The empirical Bayes explanation gives good intuition, as you mentioned, but I think it’s more than that. The Efron-Morris paper “Stein’s Estimation Rule and Its Competitors — An Empirical Bayes Approach” (JASA 1973, http://faculty.chicagobooth.edu/nicholas.polson/teaching/41900/efron-morris2.pdf ), has a proof that I consider stunningly beautiful. They give a rigorous proof of Stein’s result for the one-level model (no prior imposed on the theta_j), by first assuming the two-level model where the theta_j are themselves Normal with a common mean and variance. That sounds like a paradox in its own right: how can one assume such nice additional structure and then have any hope of obtaining the fully general result that assumes nothing about the theta_j? But they do exactly that, by using the notion of completeness of a statistic to reduce from the Bayes risk to the frequentist risk.

Then their classic “baseball paper” (JASA 1975, http://faculty.chicagobooth.edu/nicholas.polson/teaching/41900/efron-morris1.pdf ) showed that the gains from shrinkage estimation can be very substantial. The hierarchical model perspective, together with thinking carefully about the loss function, help clarify when it would make sense in practice to combine very different problems into a shrinkage estimator.

Also, I think it’s a bit misleading to suggest that the minimax estimator (which is also the MLE and has various other nice properties) is not “too far” from admissible just based on the supremum of the risk. The risk function increases in the squared norm of theta, starting at 2 and asymptotically approaching (but never reaching) k. If k is even moderately large, there will be a wide range of parameter values where the improvement in risk is dramatic.

This comment is getting long, but I also wanted to mention that Stigler’s paper (Stat Sci 1990, http://projecteuclid.org/DPubS?service=UI&version=1.0&verb=Display&handle=euclid.ss/1177012274 ) gives a neat connection between Stein’s paradox and regression.

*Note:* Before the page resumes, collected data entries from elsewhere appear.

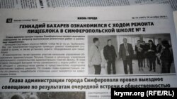 А в продолжение той церемонии вручения на 10-й полосе отдельная статья с заголовком «В администрации города Симферополя состоялось очередное оперативно-хозяйственное совещание под руководством главы городской администрации Геннадия Бахарева». И почти половину статьи составляет перечисление чиновников, которые при этом присутствовали.
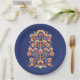 💙 🧡 Folklore mit gelben Blumen und Vögeln aus Lowicz (Region in Polen ). Navy Folklore Paper Plate. Niedlich als Geschenk für volkstümliche Menschen.
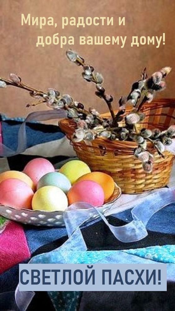 С прекрасным праздником Святой Пасхи! Желаю добра, света и мира! Пусть ваши мысли и действия будут только с хорошим посылом и во благо! Пусть окружают вас только добрые и светлые люди! Пусть дом будет полной чашей, где живут любовь, спокойствие и забота! Здоровья вам и вашим близким!
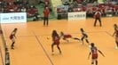 女子バレーボールで、ネットを越えたところから“ストン”と落ちる不思議な軌道のサーブが炸裂。相手レシーバーが前のめりにコートに崩れ落ちると、大事な場面でのエースに味方ベンチが歓喜の舞を披露した。

• Posted May 18, 2013 at 5:54 pm | Permalink

Hopefully my hunch is wrong!
Thanks for the references
Larry

• Posted May 19, 2013 at 12:08 am | Permalink

Brad Efron and Carl Morris’s 1977 Scientific American paper is an awesome intro on Stein Paradox for anyone who is uninitiated in statistics like me. http://www-stat.stanford.edu/~ckirby/brad/other/Article1977.pdf

• bayesrules
Posted May 19, 2013 at 10:03 am | Permalink

Indeed, this is where I first learned about Stein’s paradox. To this day I can recall being outraged by the non-intuitive fact that you can decrease the risk of estimating several things even if they have nothing to do with each other by doing this sort of thing. (I should say that at the time I was mostly doing astronomy…I knew only the statistics that astronomers learned in graduate school, and it was a decade before I became interested in Bayesian ideas and in fact it was before I knew that they existed! It was later that Carl Morris came to Texas and I had the opportunity to learn about it from him, and even later that I learned about shrinkage estimators, hierarchical Bayes models and so on).

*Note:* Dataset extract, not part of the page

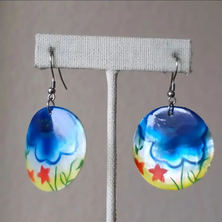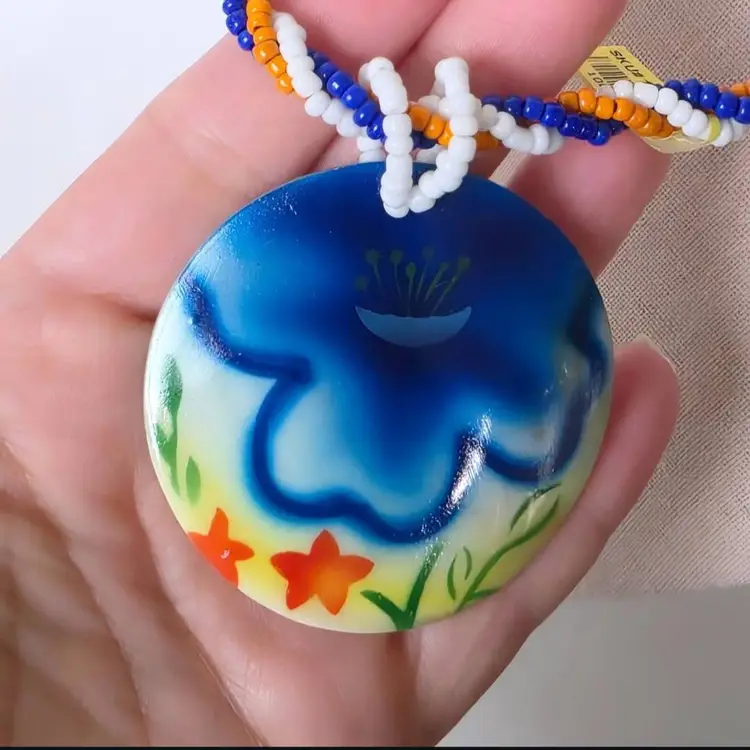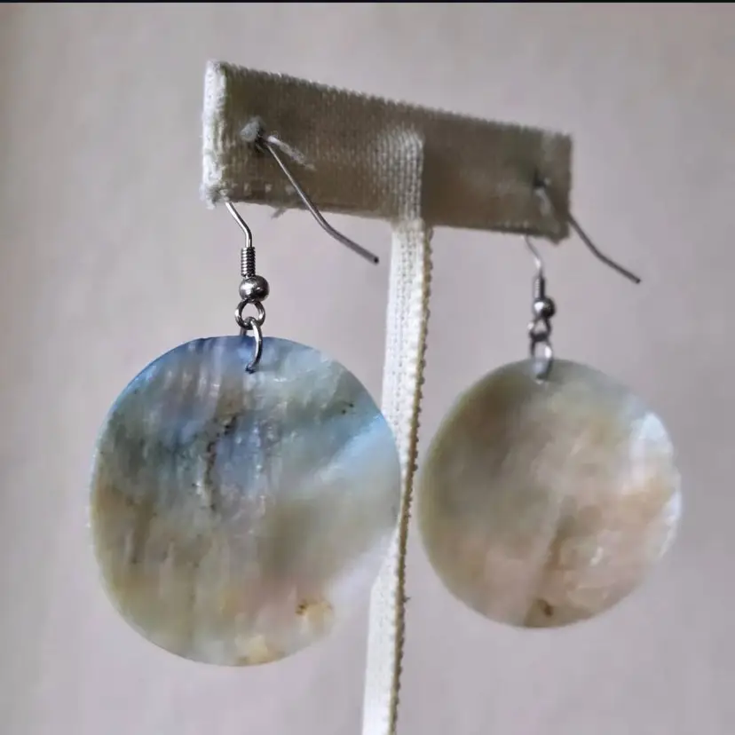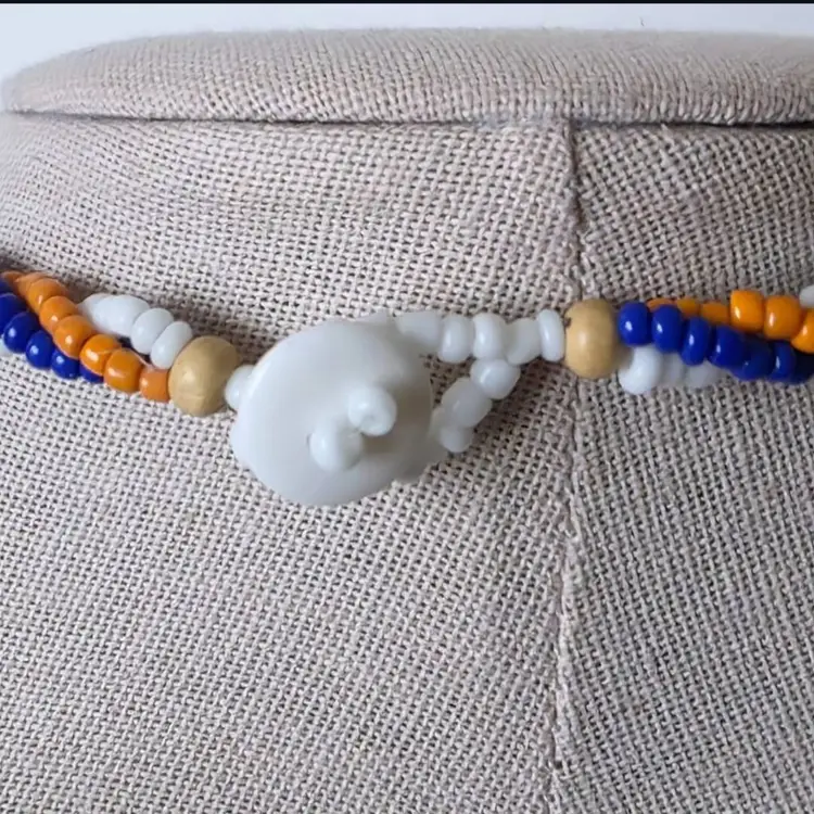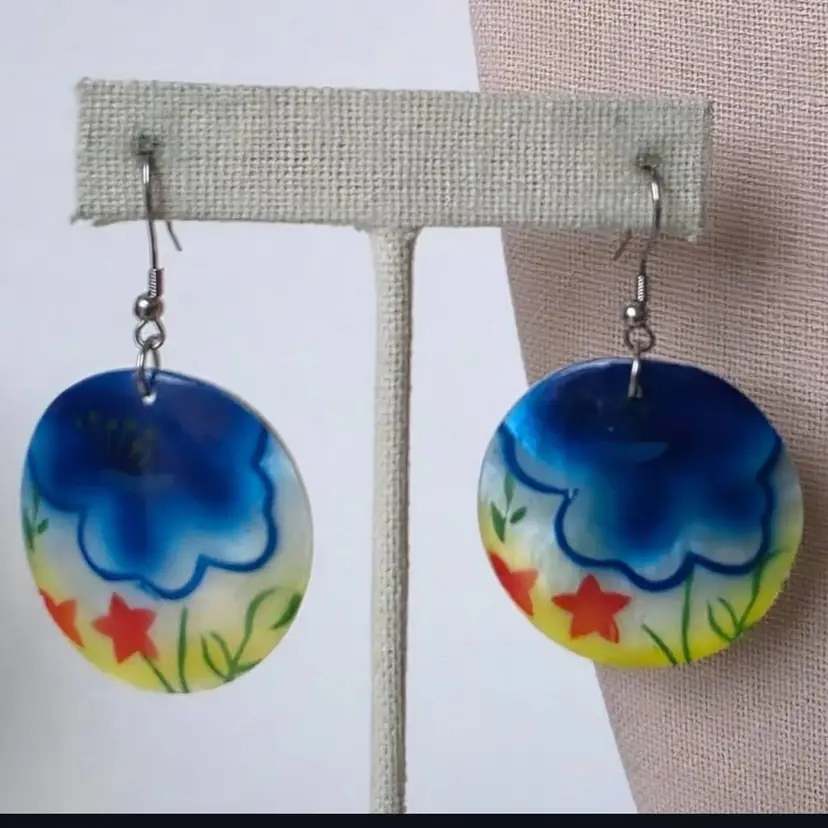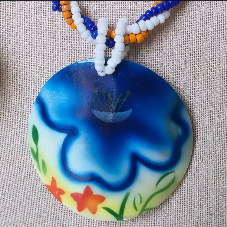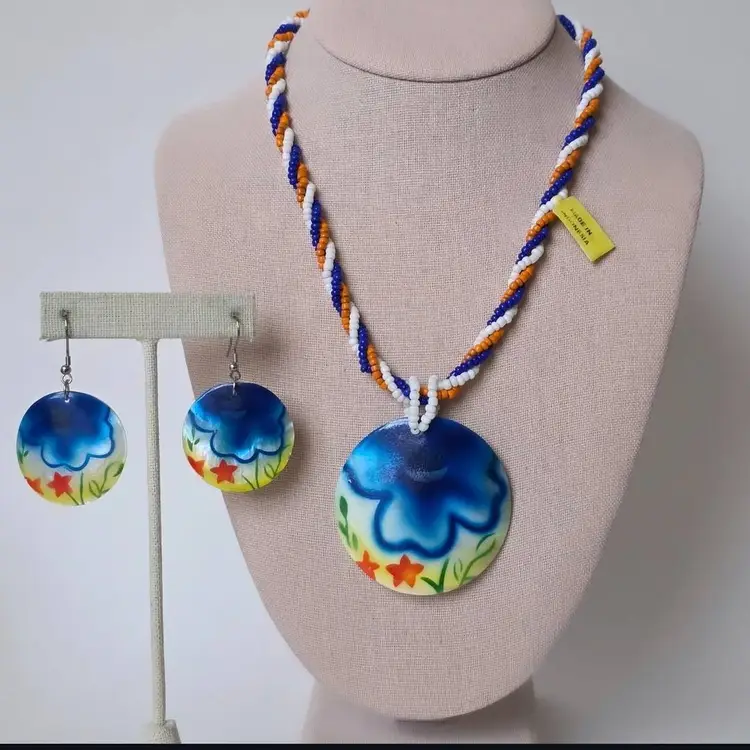 Lovely shell necklace and earrings set, made in Indonesia. Please review photos carefully as part of the description and condition.
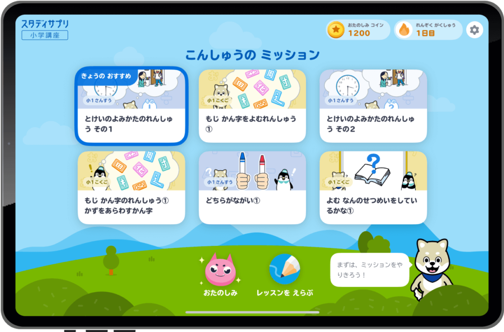 今日どの学習をすればいいのか一目でわかる、ミッション機能を搭載

I do introduce Stein’s paradox to my grad students, and I have a friend over in the medical school who has been using shrinkage estimators in his work on hospital outcomes and who has given guest lectures using the Efron-Morris article in Scientific American to my sophomore honors students in my course on Bayesian inference and decision theory (I talked about this course at Jim Berger’s 60th birthday party in San Antonio). He is particularly enamored of Brad and Carl’s toxoplasmosis example, also in the SA article.

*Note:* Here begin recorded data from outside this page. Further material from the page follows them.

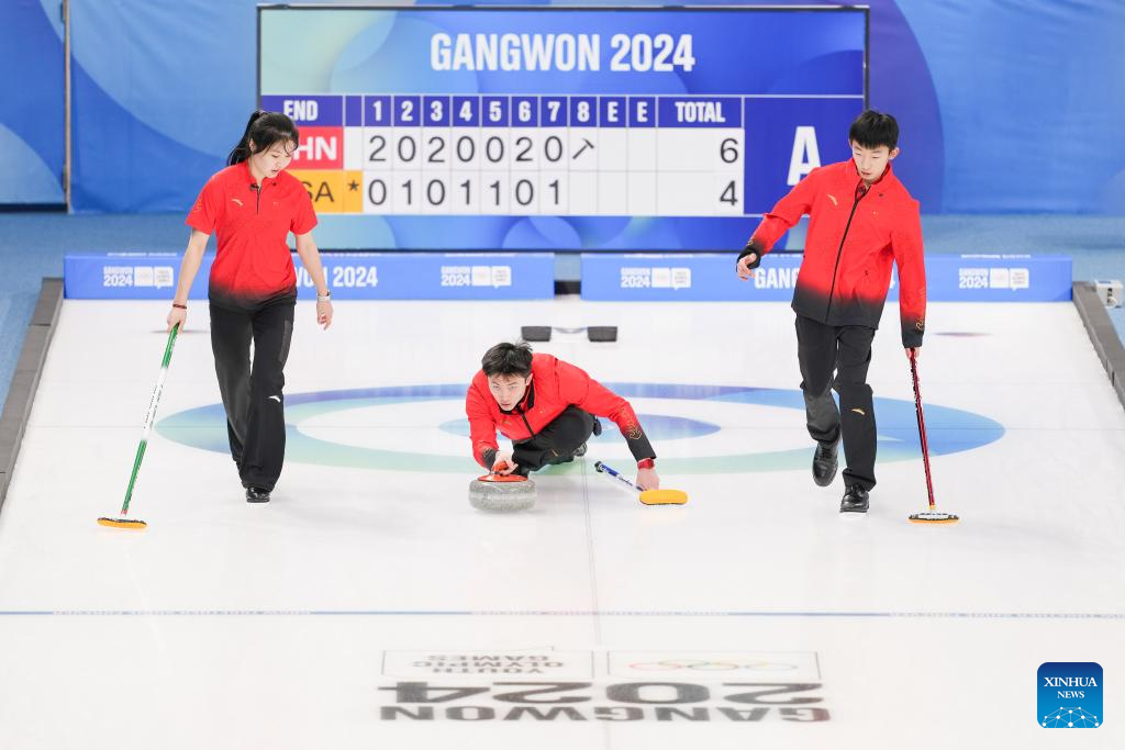 Gao Ya, Li Zetai and Zhang Minghang (L-R) of team China compete during the curling mixed team round robin session 7 group A game between China and the United States at Gangwon 2024 Winter Youth Olympic Games at Gangneung Curling Centre, South Korea, Jan. 24, 2024. (Xinhua/Zhu Wei)
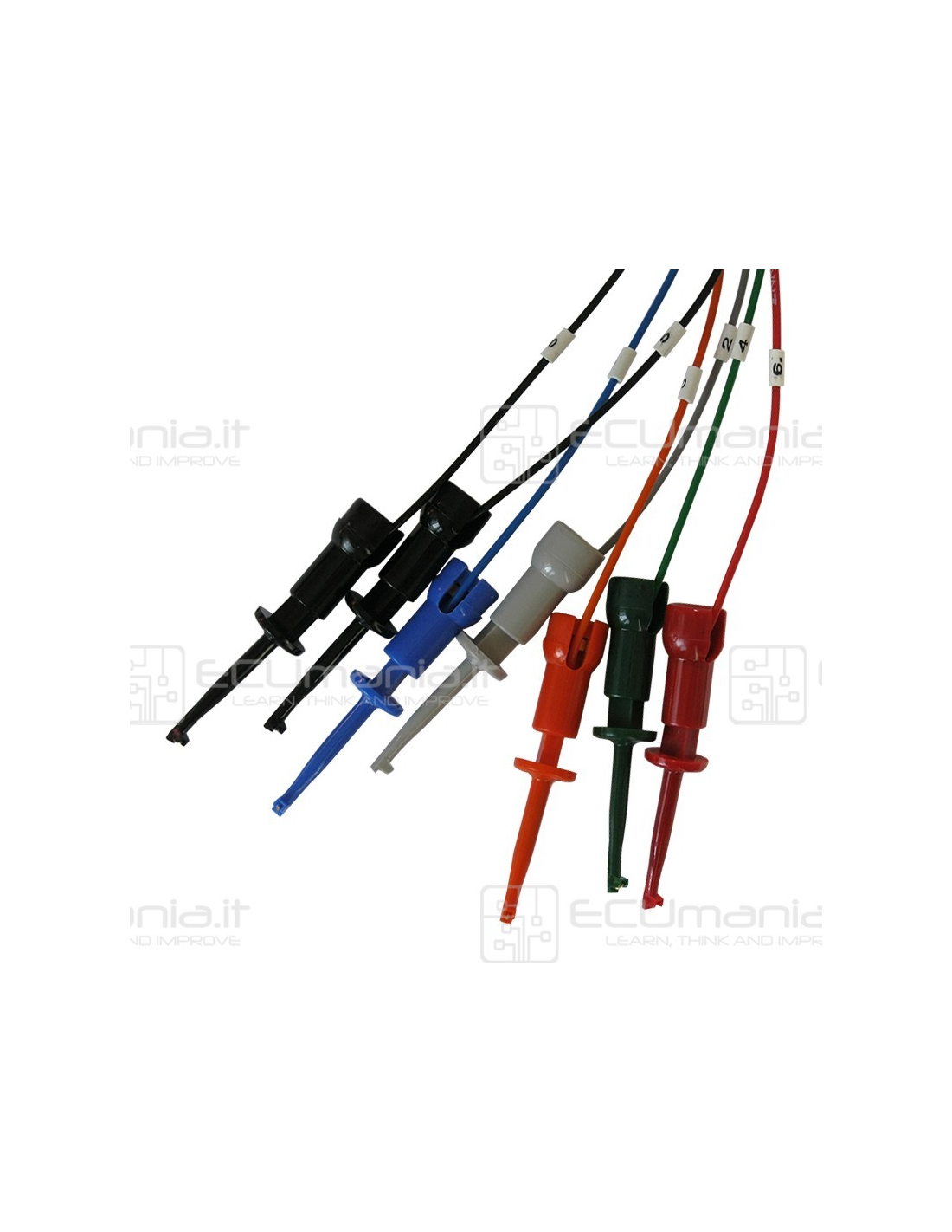 The micro clips allow direct connection to small pads and test points on the PCB, eliminating the need for soldering and simplifying bench operations.
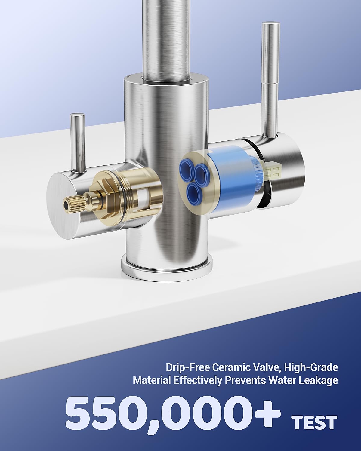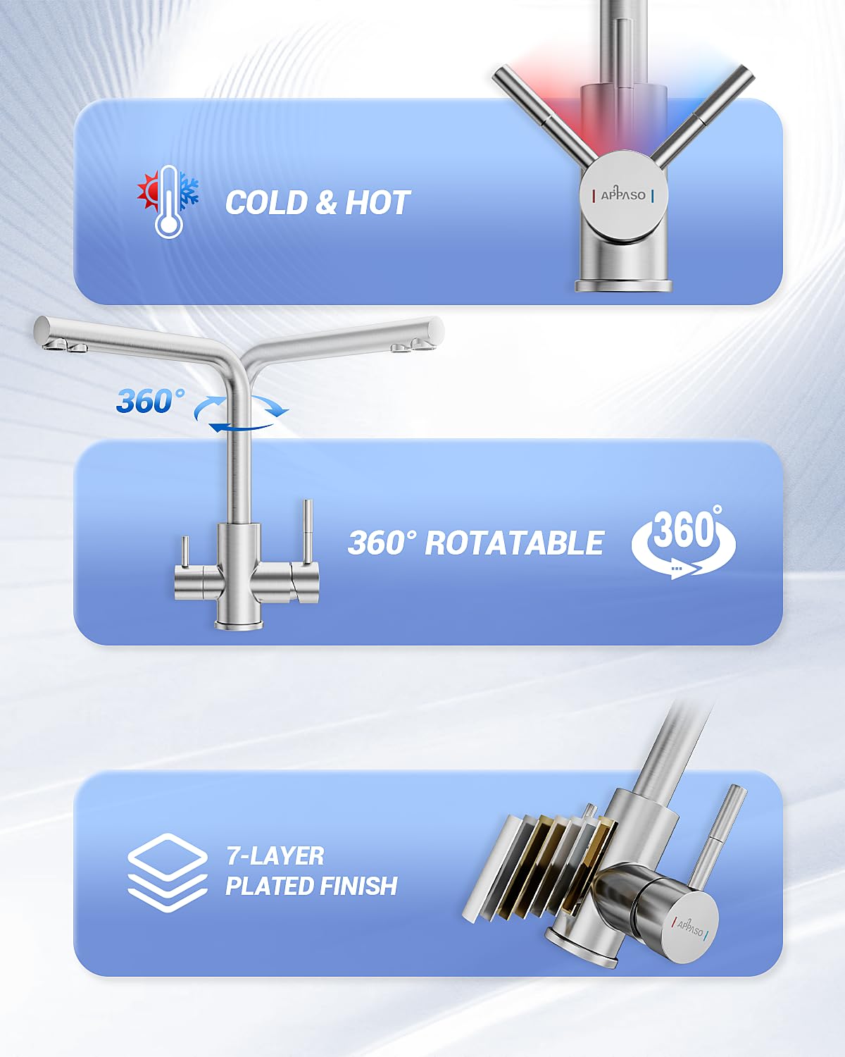 APPASO 3 Way Water Faucet, Kitchen Faucet 3 Way, 3 in 1 Kitchen Mixer Tap for Water Filter, Three Way Tap, Drinking Water Faucet with 2 handles, Stainless Steel Brushed Kitchen Sink Faucet.

2. Posted May 18, 2013 at 6:26 pm | Permalink

I didn’t learned about it school but we learned about something that reminds a lot to this paradox, the fact that the MLE for the variance on a normal distribution was not the one with LSE (the LSE having the denominator N+1 instead N). When I asked why people would not use the LSE insead the unbiased esitmator (denominator N-1) my professor kinda waved the question with an “Not everything that shines is Gold”.

So I guess the reason why people still uses MLE instead Steins or other LSE estimators is because the formers might produce big errors occasionally despite having less error on average; in other words, people prefer to be safe than sorry and having small advantages on average might not be worth be horribly wrong sometimes… Nobody wants to be a victim of Murphy’s law.

• Christian Hennig
Posted May 22, 2013 at 9:36 am | Permalink

Fran: I think that the squared loss (and in fact any symmetric loss) is inappropriate for variance estimation. If you use 1/(N+1), you favour small negative errors over slightly larger positive errors, but the former are more problematic in most situations because the variance is bounded by zero from below.

3. rj444
Posted May 18, 2013 at 9:29 pm | Permalink

I didn’t come from a traditional statistics training, so I personally stumbled across it on my own through Efron’s popular science article in scientific american. It certainly blew my mind when I first tried to wrap my head around it.

If we’re going to start teaching data analysts (whether they’re machine learners, computer scientists, or statisticians) how to work with high dimensional data (which seems to be paying the bills these days), Stein’s paradox should really be foundational and not obscure. Perhaps then we’d stop seeing entire fields doing analyses with 100,000 independent MLE estimates / hypothesis tests.

4. Corey
Posted May 19, 2013 at 1:02 pm | Permalink

I’d be curious to hear your views on the relevance (or lack thereof) of Wald’s complete class theorem to statistical inference.

• Posted May 19, 2013 at 1:42 pm | Permalink

I don’t think about complete class theorems at all

• Corey
Posted May 19, 2013 at 6:11 pm | Permalink

Huh. Stein was working on necessary and sufficient conditions for admissibility (i.e., generic conditions for complete classes) around the same time that he found his inadmissibility result…

5. bayesrules
Posted May 19, 2013 at 2:56 pm | Permalink

Larry, you wrote: “The proof that $X$ is inadmissible is based on defining an explicit estimator $\theta^*$ that has smaller risk than $X$.”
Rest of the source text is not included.